(Beginning of Data extract)

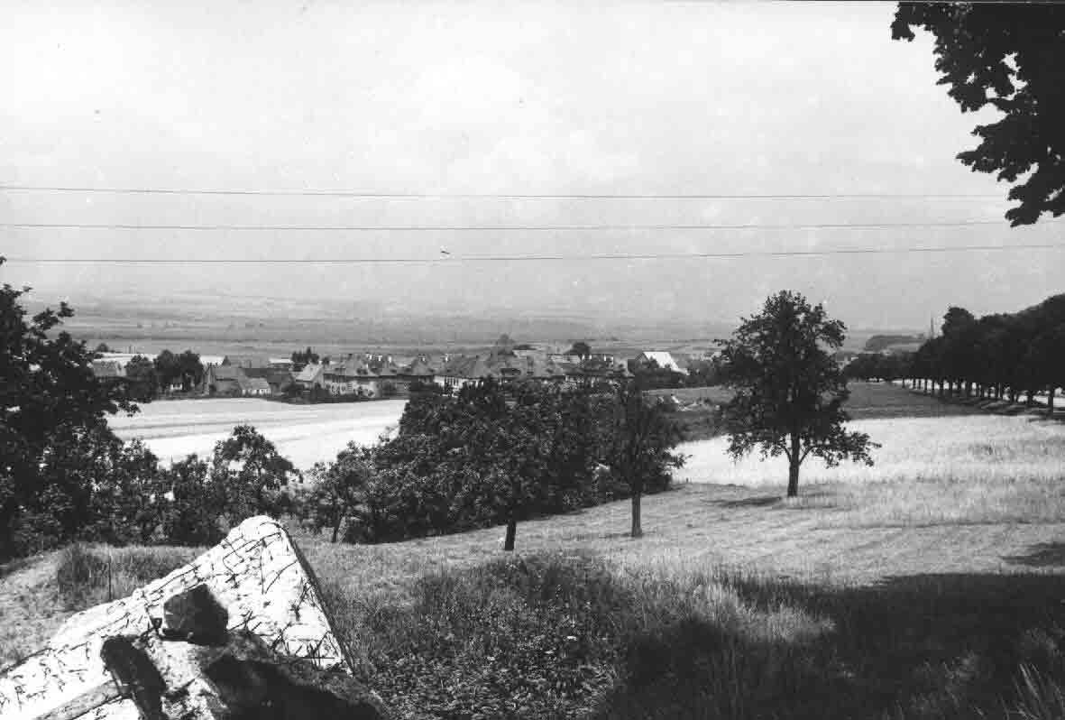 Eine Aufnahme von Bruchmühlbach aus dem Jahr 1950. Rechts mit Bäumen gesäumt, die Straße nach Lambsborn. Im Vordergrund ein Teil der Panzersperre.
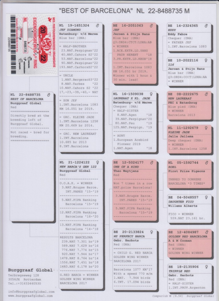Uit: ”Jef Diamond”, zoon ”Jef”, 1. Int. Barcelona 16.051 d. (90 min vooruit), uit dochter ”New Laureaat” & ”Kleine Jade” x ”New Barca’s Gen 122”, dochter ”One of a Kind”, 5., 12. & 13. Nat. Asduif Barcelona
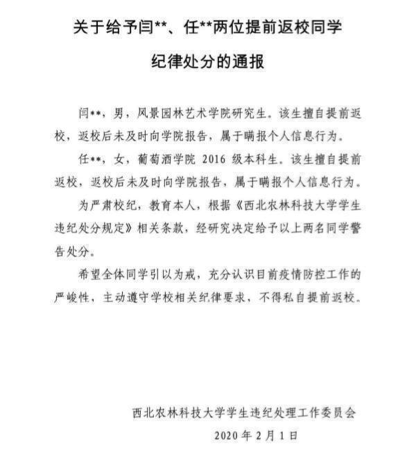 2月初,很多同学的朋友圈都被“西北农林科技大学两名大学生提前私自返校事件”所刷屏,为此,在学校的通报文件中,这两名同学也被给予了警告处分。很多网友表示,在学校两度明确通知延期开学的情况下,依然置通知于不顾,这既是对自己不负责,也是对他人不负责的表现。
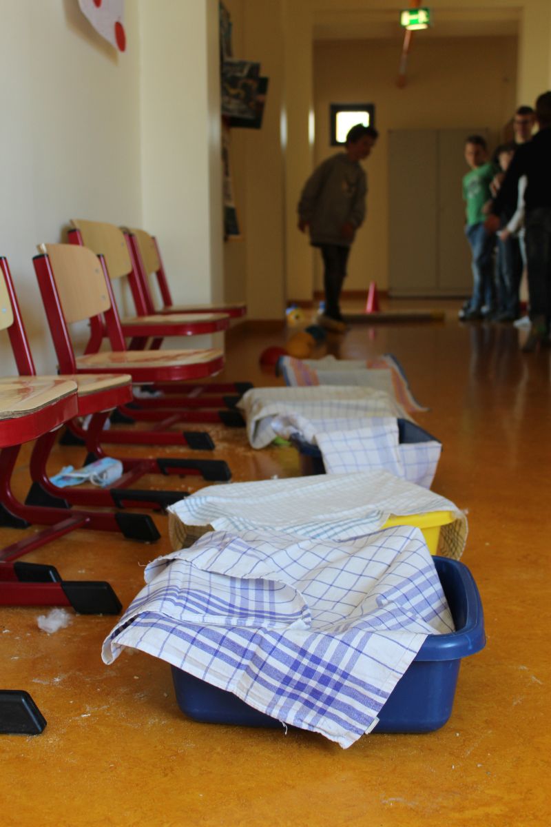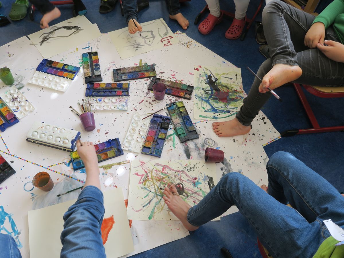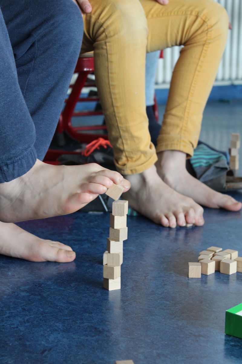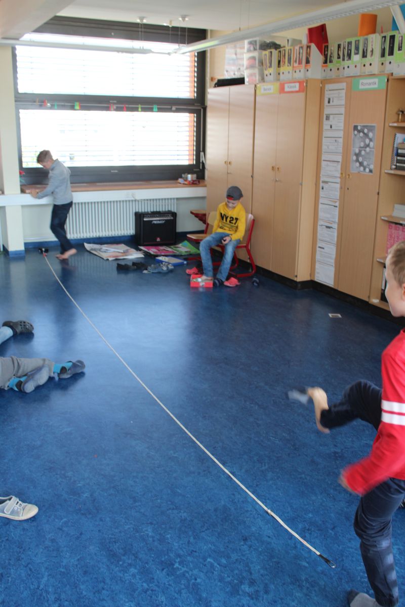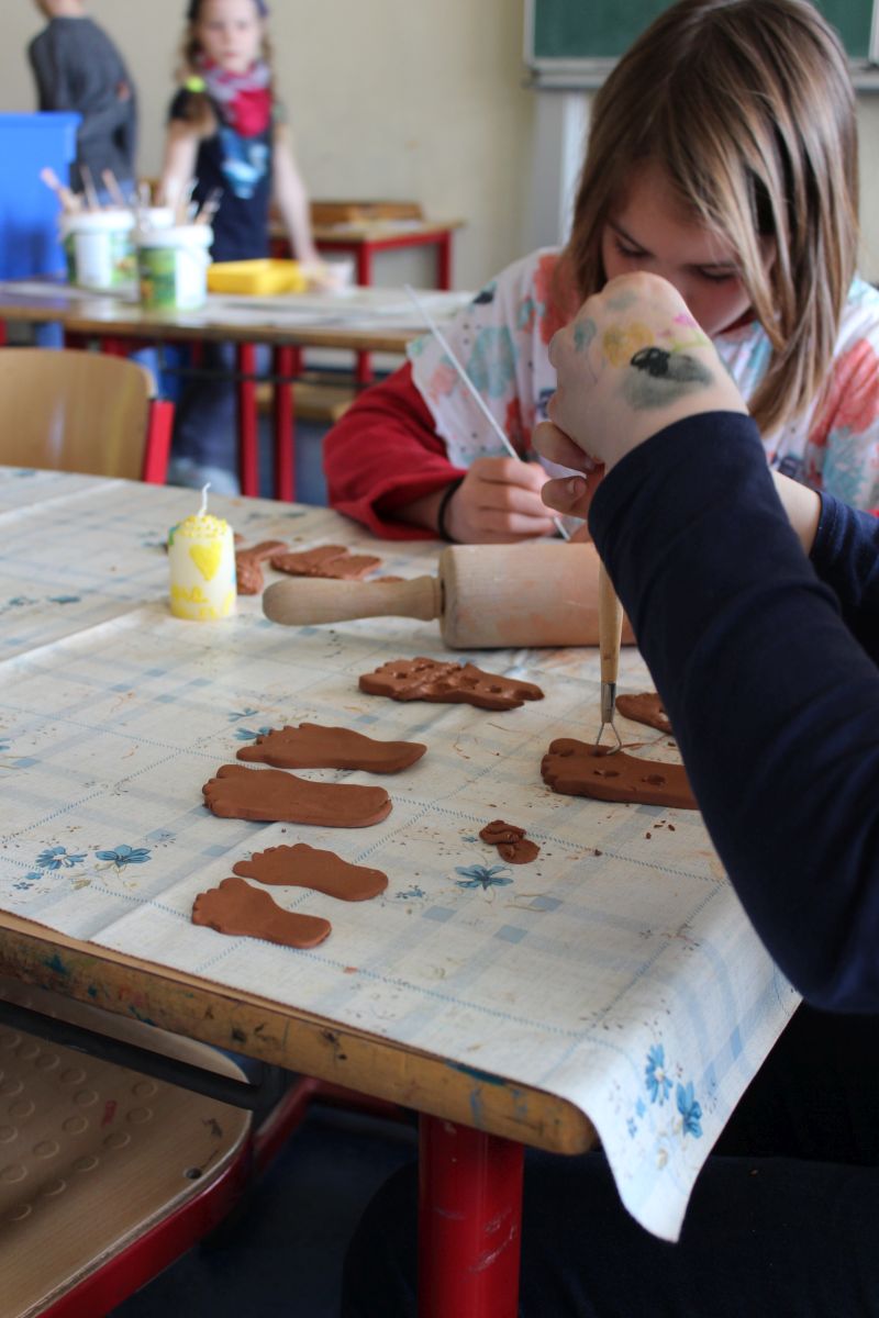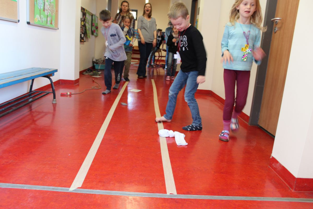 Nach einer geistlichen Zuwendung zum Thema gab es nach der Pause eine Art offenen Stationenbetrieb, bei dem die Kinder von Zimmer zu Zimmer gehen konnten. In jedem wurde zum Thema "Fuß" gearbeitet, gespielt, gebastelt, geschicklicht usw.
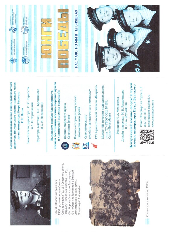 The exhibition is about boys aged 13-16.During the Great Patriotic War, they studied at the Solovetsky and Kronstadt schools of young sailors (jungies), and then went to fight for their Homeland.
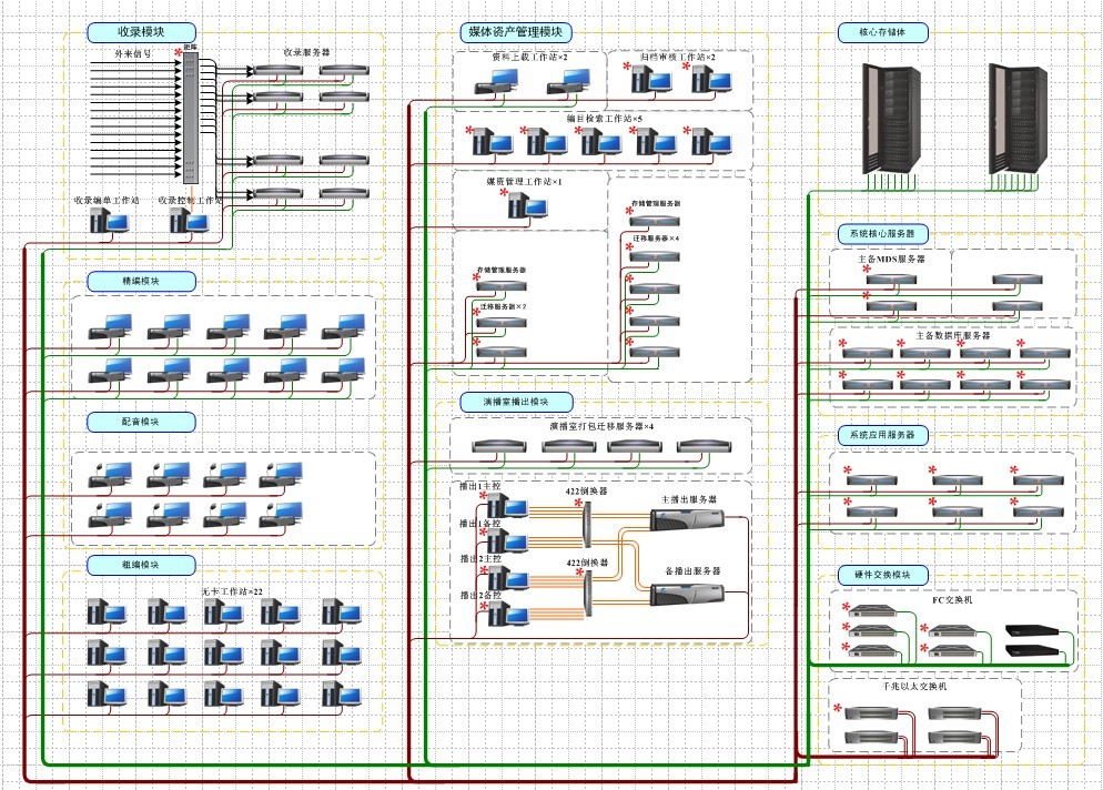 該方案設計以DFT存儲為核心,作為數據的存儲和交互平臺。在此基礎上承載了電視臺的所有數據業(yè)務(wù),包括收錄子系統、制作子系統、媒體資產(chǎn)管理子系統、新聞子系統、演播室子系統、播出子系統等。
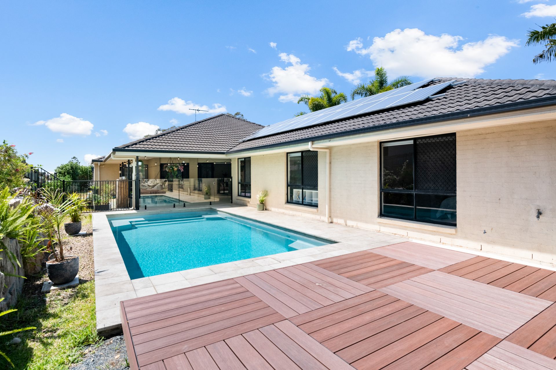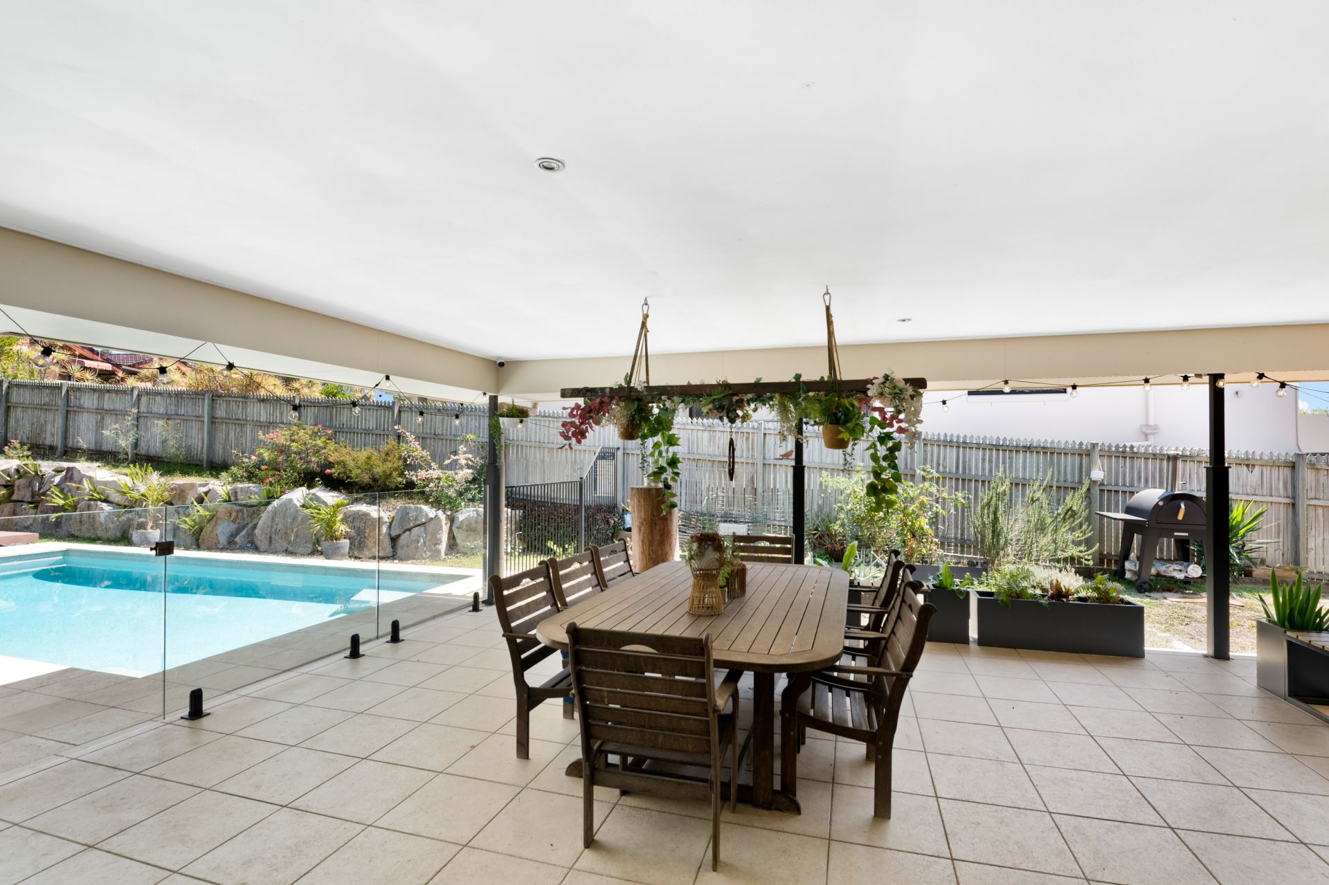 - Private covered outdoor entertaining area flows out from the home's living area through dual stackers doors and is conveniently positioned beside the beautiful in-ground swimming pool. This is a great place to sit and relax or entertain friends and family alike.
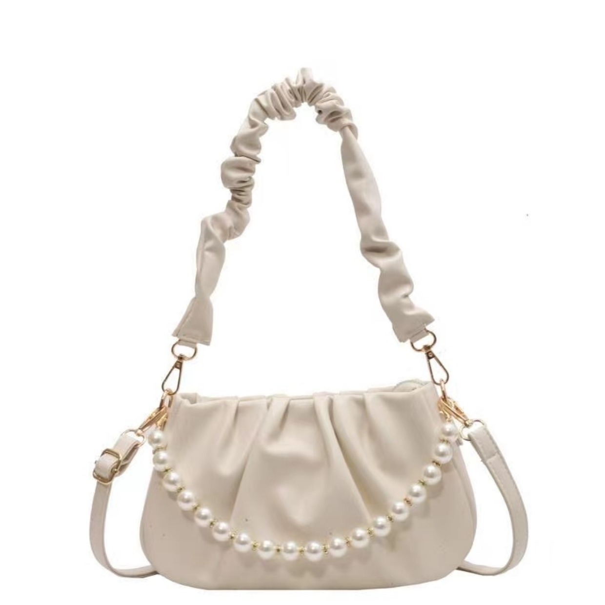 2025년 틈새 디자인 여성 가방 주름진 진주 구름 모양 숄더백 크로스백 핸드백 라이트 럭셔리 작은 사각 가방
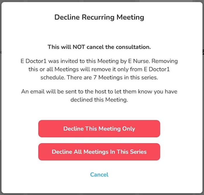 At the time video meetings are being scheduled, healthcare providers or clinic admins acting on their behalf, may invite other providers from the same virtual clinic to join in.
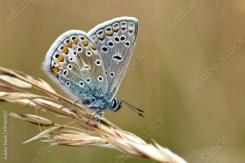 © iredding01, Obraz premium Common blue butterfly (Polyommatus icarus), at rest with underside visible
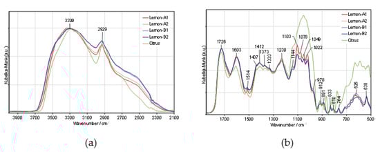 Comparison of the DRIFT spectra of lemon IntegroPectin (Lemon-A and Lemon-B) and commercial (Citrus) pectin: (a) 4000–2100 cm−1 and (b) 200–950 cm−1 spectral regions.
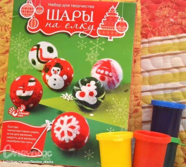 Для творческих занятий с детьми еще набор по валянию шерстяных шариков на елку. Очень крутой, будут у нас эксклюзивные шарики:))) И еще пальчиковые краски! Будем вазюкать попозже со Стешулей:)))
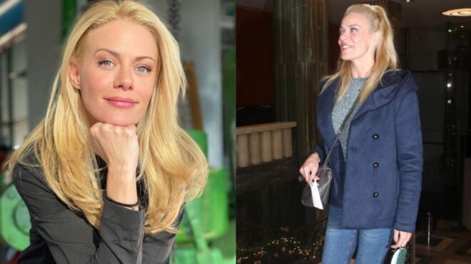 Το υπόλοιπο σύνολό της αποτελούνταν από ένα skinny τζιν, ένα γκρι πουλόβερ και ένα κομψό peacoat-παλτό σε σκούρα μπλε απόχρωση. Η παρουσιάστρια προτίμησε μίνιμαλ styling στα αξεσουάρ της, συμπληρώνοντας το look της με μία γκρι τσάντα. Τα sneakers της είναι εκείνα που έδωσαν μία πιο σύγχρονη και ιδιαίτερη ματιά στο λιτό σύνολό της.
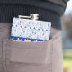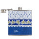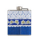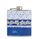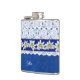 Hübscher Alkoholkolben, blau auf blauem Damast-Muster gefertigt, mit einer weißen Spitze übermäßig auf der oberen Hälfte des Kolben. Die Grafik eines blau satin aussehenden Farbbands mit weißer Edelweiß-Blume verläuft in der Mitte. Personalisieren Sie den weißen Text auf der Vorderseite, für sich selbst oder als charmante Geschenkidee.
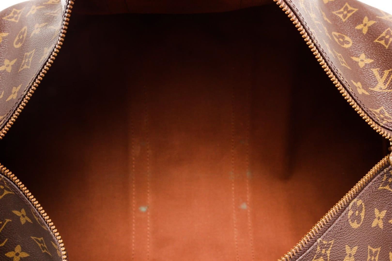 Louis Vuitton Brown Monogram Keepall 45cm Travel Bag with monogram canvas, gold-tone hardware, interior zip pockets, dual top handles handle, and zipper closure.
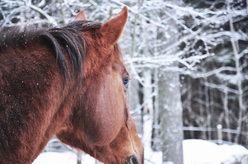 Djur, det finns inget bättre och just hästar är det något speciellt med. De luktar så gott, man vill bara borra in näsan i pälsen på halsen och stå och snusa. Klappa dem på mulen som är så mjuk och lyssna på det avslappnande ljudet när de äter sitt hö. Man borde spela in det ljudet och ha på skiva att lyssna på när det är dags att sova….. Just nu saknar jag ridningen något otroligt, för det har blivit lite för lite med den varan på sista tiden. Jag skyller på renoverings-hösten och vintervädret som avskräckt. Men nu ska det bli ändring. I julklapp av syster fick jag ett par fina ridtermobyxor som ju måste användas innan våren börjar komma och även om det kan tyckas lite jobbigt först när det är kallt och ruggigt så finns det få saker som är så uppfriskande som att galoppera fram i pudersnö som yr runt benen på hästen. Härligt så det heter duga faktiskt!

(End of Data extract)

What to work on
After removing each picture, print the entries above exactly as they were.

Task response
 Eine Aufnahme von Bruchmühlbach aus dem Jahr 1950. Rechts mit Bäumen gesäumt, die Straße nach Lambsborn. Im Vordergrund ein Teil der Panzersperre.
Uit: ”Jef Diamond”, zoon ”Jef”, 1. Int. Barcelona 16.051 d. (90 min vooruit), uit dochter ”New Laureaat” & ”Kleine Jade” x ”New Barca’s Gen 122”, dochter ”One of a Kind”, 5., 12. & 13. Nat. Asduif Barcelona
 2月初,很多同学的朋友圈都被“西北农林科技大学两名大学生提前私自返校事件”所刷屏,为此,在学校的通报文件中,这两名同学也被给予了警告处分。很多网友表示,在学校两度明确通知延期开学的情况下,依然置通知于不顾,这既是对自己不负责,也是对他人不负责的表现。
 Nach einer geistlichen Zuwendung zum Thema gab es nach der Pause eine Art offenen Stationenbetrieb, bei dem die Kinder von Zimmer zu Zimmer gehen konnten. In jedem wurde zum Thema "Fuß" gearbeitet, gespielt, gebastelt, geschicklicht usw.
 The exhibition is about boys aged 13-16.During the Great Patriotic War, they studied at the Solovetsky and Kronstadt schools of young sailors (jungies), and then went to fight for their Homeland.
 該方案設計以DFT存儲為核心,作為數據的存儲和交互平臺。在此基礎上承載了電視臺的所有數據業(yè)務(wù),包括收錄子系統、制作子系統、媒體資產(chǎn)管理子系統、新聞子系統、演播室子系統、播出子系統等。
 - Private covered outdoor entertaining area flows out from the home's living area through dual stackers doors and is conveniently positioned beside the beautiful in-ground swimming pool. This is a great place to sit and relax or entertain friends and family alike.
 2025년 틈새 디자인 여성 가방 주름진 진주 구름 모양 숄더백 크로스백 핸드백 라이트 럭셔리 작은 사각 가방
 At the time video meetings are being scheduled, healthcare providers or clinic admins acting on their behalf, may invite other providers from the same virtual clinic to join in.
 © iredding01, Obraz premium Common blue butterfly (Polyommatus icarus), at rest with underside visible
 Comparison of the DRIFT spectra of lemon IntegroPectin (Lemon-A and Lemon-B) and commercial (Citrus) pectin: (a) 4000–2100 cm−1 and (b) 200–950 cm−1 spectral regions.
 Для творческих занятий с детьми еще набор по валянию шерстяных шариков на елку. Очень крутой, будут у нас эксклюзивные шарики:))) И еще пальчиковые краски! Будем вазюкать попозже со Стешулей:)))
 Το υπόλοιπο σύνολό της αποτελούνταν από ένα skinny τζιν, ένα γκρι πουλόβερ και ένα κομψό peacoat-παλτό σε σκούρα μπλε απόχρωση. Η παρουσιάστρια προτίμησε μίνιμαλ styling στα αξεσουάρ της, συμπληρώνοντας το look της με μία γκρι τσάντα. Τα sneakers της είναι εκείνα που έδωσαν μία πιο σύγχρονη και ιδιαίτερη ματιά στο λιτό σύνολό της.
 Hübscher Alkoholkolben, blau auf blauem Damast-Muster gefertigt, mit einer weißen Spitze übermäßig auf der oberen Hälfte des Kolben. Die Grafik eines blau satin aussehenden Farbbands mit weißer Edelweiß-Blume verläuft in der Mitte. Personalisieren Sie den weißen Text auf der Vorderseite, für sich selbst oder als charmante Geschenkidee.
 Louis Vuitton Brown Monogram Keepall 45cm Travel Bag with monogram canvas, gold-tone hardware, interior zip pockets, dual top handles handle, and zipper closure.
 Djur, det finns inget bättre och just hästar är det något speciellt med. De luktar så gott, man vill bara borra in näsan i pälsen på halsen och stå och snusa. Klappa dem på mulen som är så mjuk och lyssna på det avslappnande ljudet när de äter sitt hö. Man borde spela in det ljudet och ha på skiva att lyssna på när det är dags att sova….. Just nu saknar jag ridningen något otroligt, för det har blivit lite för lite med den varan på sista tiden. Jag skyller på renoverings-hösten och vintervädret som avskräckt. Men nu ska det bli ändring. I julklapp av syster fick jag ett par fina ridtermobyxor som ju måste användas innan våren börjar komma och även om det kan tyckas lite jobbigt först när det är kallt och ruggigt så finns det få saker som är så uppfriskande som att galoppera fram i pudersnö som yr runt benen på hästen. Härligt så det heter duga faktiskt!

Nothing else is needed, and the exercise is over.